A computer vision pipeline that automates the counting and classification of molecule species from Scanning Tunnelling Microscopy (STM) images, reducing manual inspection effort by 40 to 50 percent compared to hand-counting.
Researchers using STM imaging to study molecular species typically count and classify molecules by hand, a slow and subjective process that does not scale to large image sets. This project builds an end-to-end pipeline that ingests raw STM images, segments individual molecules, and classifies them by species using scikit-learn.

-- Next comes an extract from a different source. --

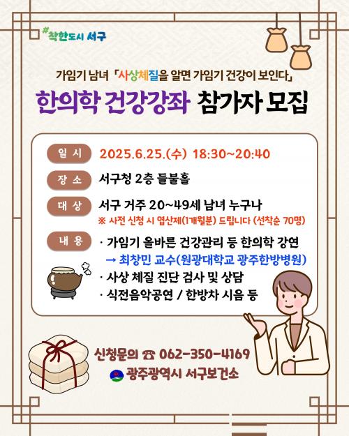 ±³À°Àº 70¸í ´ë»óÀ¸·Î ÁøÇàµÇ¸ç Âü¿©¸¦ Èñ¸ÁÇÏ´Â °æ¿ì ¿À´Â 20ÀϱîÁö ¼±¸Ã» °Ç°ÁõÁø°ú(062-350-4169)·Î ÀüÈ·Î »çÀü½ÅûÇÏ¸é µÈ´Ù.

Given a folder of STM images containing multiple molecule species, automatically:
- Read and standardise the raw image files
- Convert each image into a clean binary mask separating molecules from background
- Detect and segment individual molecules
- Count molecules per species across the dataset
The pipeline is split across three notebooks, each handling one stage of the workflow:
01_read_stm_images.ipynb ingests raw STM image files, handles the
instrument-specific format, and produces a standardised image array ready
for downstream processing.
02_binarization.ipynb applies thresholding and noise reduction across
the image set to produce binary masks separating molecules from background.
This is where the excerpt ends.